▶ **What this task involves**
Start at the top of the records and, please, print each line exactly through the line that contains "양도라서 일단 자리 정확하게", leaving out all pictures.

▶ **Data shown**
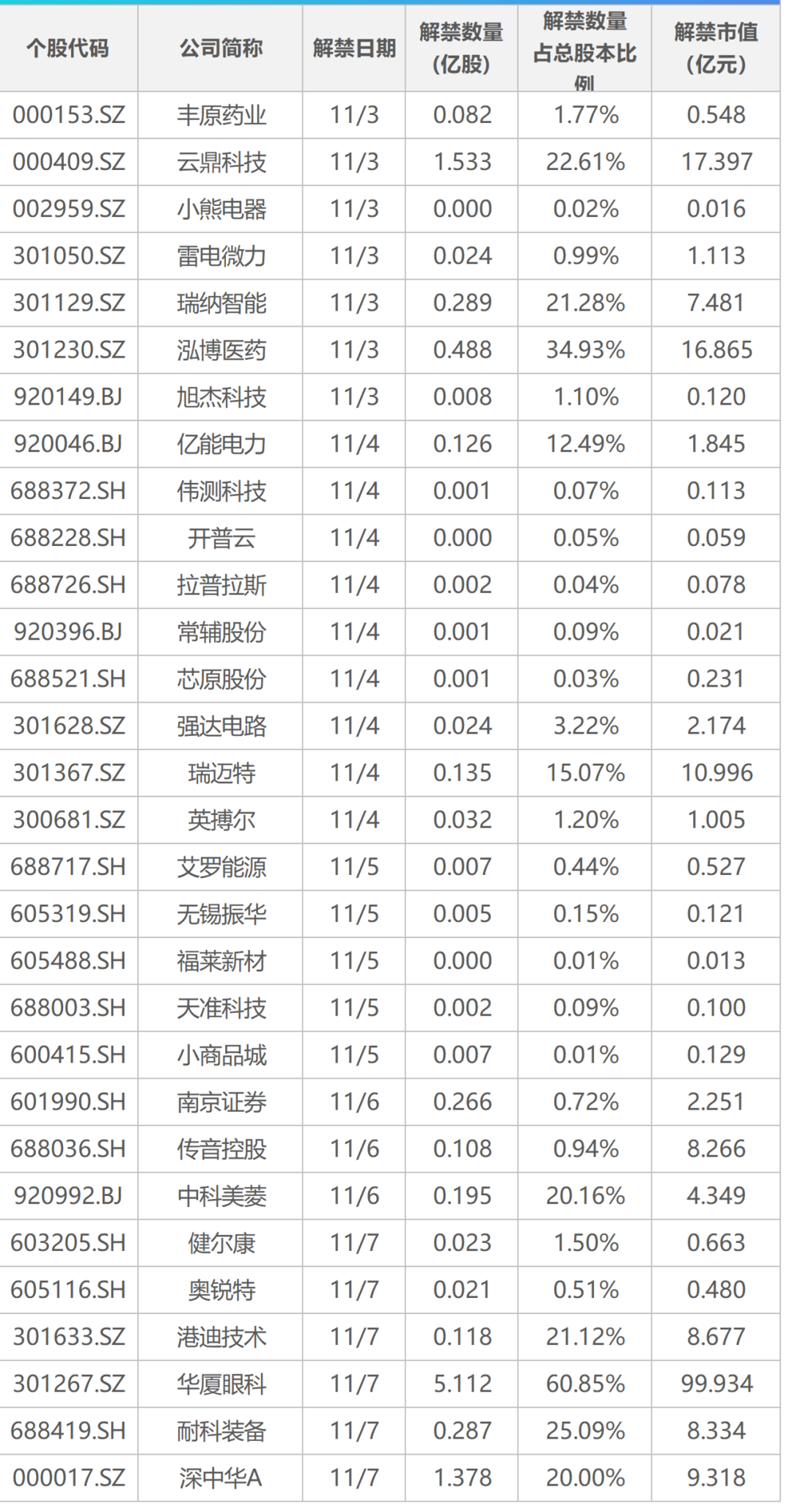 Wind数据显示,本周,限售股上市数量为10.28亿股,市值约为203.22亿元。华厦眼科是本周解禁市值最大的一家公司,将有5.11亿股限售股在11月7日到期,占总股本比例为60.85%,市值约为99.93亿元。
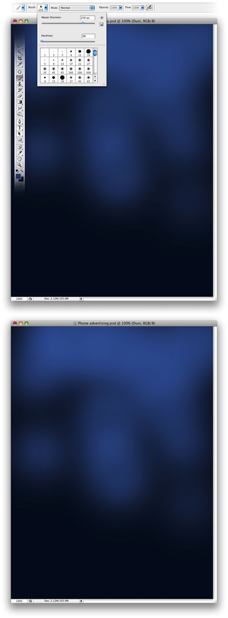Создайте новый слой и назовите его “Пыль”. Теперь выберите кисть и установите ее Hardness (Жесткость) на 0 % и 250 размер. Используйте этот цвет #0b4690 и нарисуйте облако пыли, как показано на экране. Или нарисуйте его по-своему. Установите режим наложения для слоя Screen (Осветление)
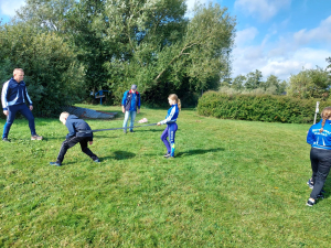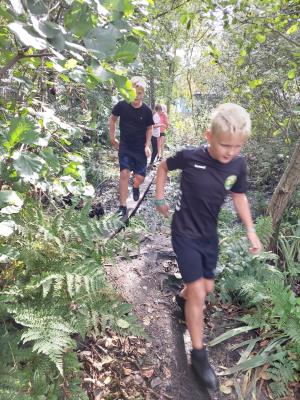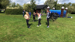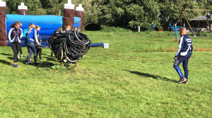 Dan is het tijd voor de samenwerkingsopdrachten. We splitsen op en samen met een figuur die zo uit een Kameleonboek zou kunnen komen stellen we ons bloot aan verschillende opdrachten. Er vliegen fietsbanden om een paal, er worden kruiwagens gevuld met water, er wordt gestereoplonst met vaten. En als je nu denkt.... ‘ik snap er niks van’... Tsja, had je maar mee moeten gaan!
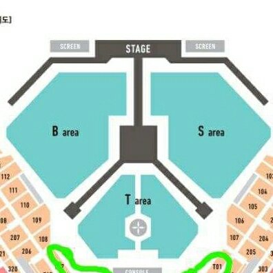 양도라서 일단 자리 정확하게 모르지만 급하니까 받았거든!! S02구역 50열 인데 어디쯤 될까ㅠㅠㅠㅠㅠ 알려쥬ㅠㅠㅠㅠㅠ 아래에 초록색은 무시해죠...줍줍한거라 가리려고 잘랐건만 안잘렸...ㅎ
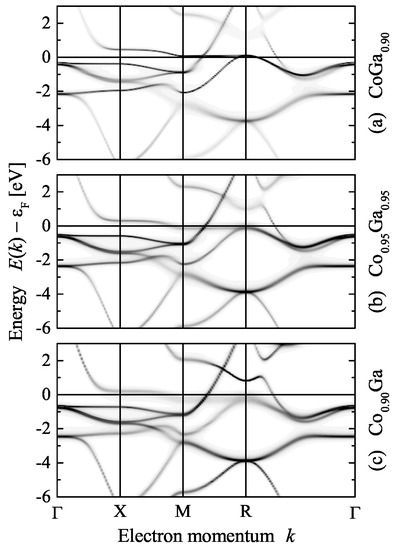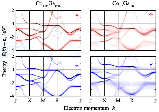 The situation changes at higher Co content where a much larger magnetic exchange splitting is observed. In addition, the broadening of the states by chemical disorder scattering is more pronounced. At 20% Co excess, the majority conduction band crosses the Fermi energy in the direction. Furthermore, the minority band that initially crossed the Fermi energy between M and R is now shifted completely above it. The differences in the electronic structure shown for the case of the Bloch spectral function in Figure 8 explain the discontinuity of the magnetic moments. The number of valence electrons increases with Co content. Here it is assumed that for Co 9 and for Ga 3 electrons per atom contribute to the valence electron concentration. An increase in the valence electron concentration leads to an increase of the exchange splitting of the states. At a certain point, the flat majority band at X along and/or the flat minority band between M and R will touch the Fermi energy. This leads to an instability. At low Co excess (below 10%), the system is stable in the low moment state where both bands are above/below the Fermi energy. Above , the enhanced exchange splitting—forced by the localized moment of the additional Co atoms in the position—causes the system to turn into the high moment state.
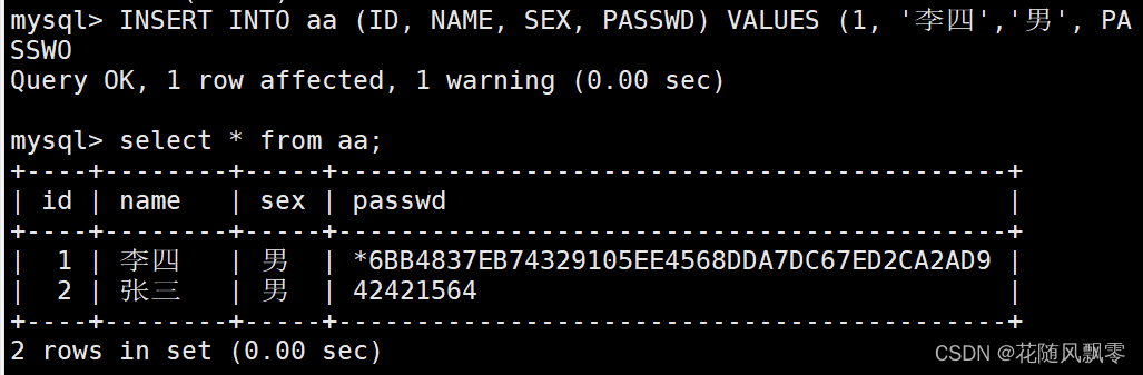 INSERT INTO class1 (id, name, passwd) values (1, '李四', PASSWORD('123456'));
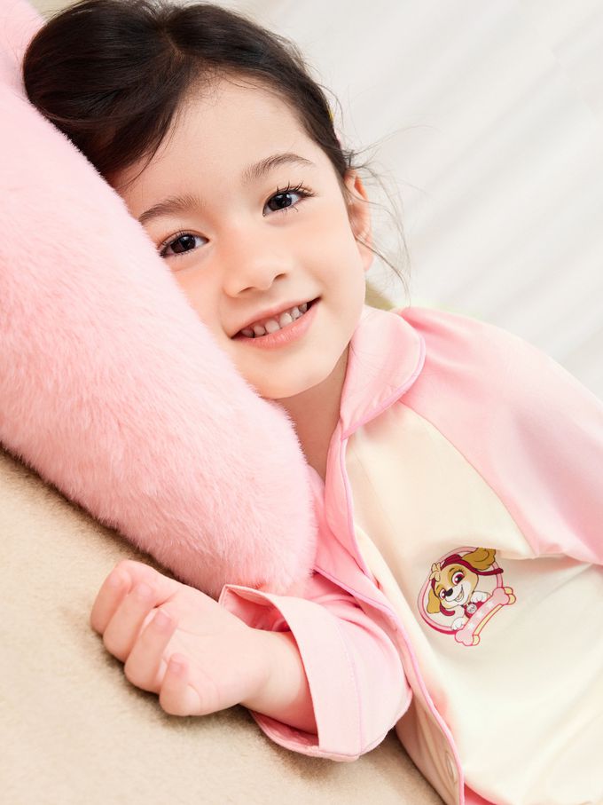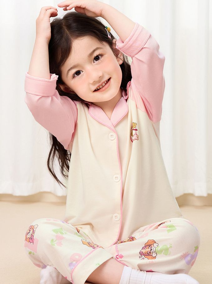 卡通汪汪隊開扣長袖家居服套裝-卡通人物天天-粉色
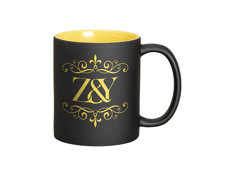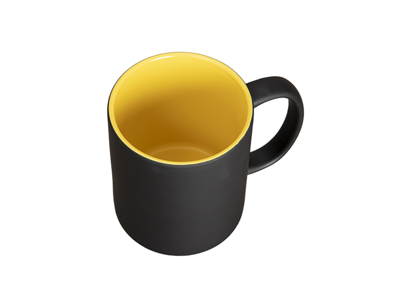 Item Name: 11oz Two-Tone Engravable Matte Black Mug (Yellow)
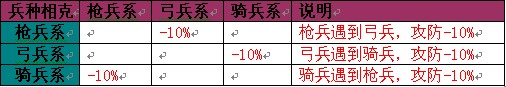 答:幻想三国的兵种相克规则是:枪兵克骑兵,骑兵克弓兵,弓兵克枪兵。
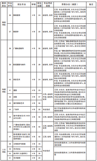 5、高等职业教育学院各专业只面向江苏省招收对口单招考生。另数字媒体 艺术(中外合作办学)、广播电视编导(高校中外学分互认联合培养项目)、影 视摄影与制作(高校中外学分互认联合培养项目)、工艺美术(与苏工艺联合培 养 4+0 项目)专业只招收江苏省艺术类考生,其他在艺术类批次录取的专业均面 向全国招生。
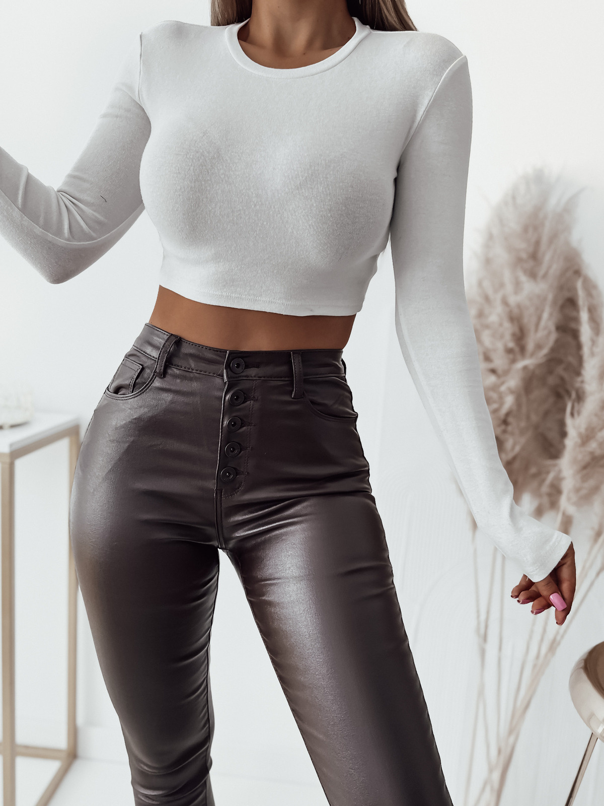 SPODNIE WOSKOWANE Z GUZIKAMI I WYSOKIM STANEM- CIEMNY BRĄZ

▶ **Written response**
 Wind数据显示,本周,限售股上市数量为10.28亿股,市值约为203.22亿元。华厦眼科是本周解禁市值最大的一家公司,将有5.11亿股限售股在11月7日到期,占总股本比例为60.85%,市值约为99.93亿元。
Создайте новый слой и назовите его “Пыль”. Теперь выберите кисть и установите ее Hardness (Жесткость) на 0 % и 250 размер. Используйте этот цвет #0b4690 и нарисуйте облако пыли, как показано на экране. Или нарисуйте его по-своему. Установите режим наложения для слоя Screen (Осветление)
 Dan is het tijd voor de samenwerkingsopdrachten. We splitsen op en samen met een figuur die zo uit een Kameleonboek zou kunnen komen stellen we ons bloot aan verschillende opdrachten. Er vliegen fietsbanden om een paal, er worden kruiwagens gevuld met water, er wordt gestereoplonst met vaten. En als je nu denkt.... ‘ik snap er niks van’... Tsja, had je maar mee moeten gaan!
 양도라서 일단 자리 정확하게 모르지만 급하니까 받았거든!! S02구역 50열 인데 어디쯤 될까ㅠㅠㅠㅠㅠ 알려쥬ㅠㅠㅠㅠㅠ 아래에 초록색은 무시해죠...줍줍한거라 가리려고 잘랐건만 안잘렸...ㅎ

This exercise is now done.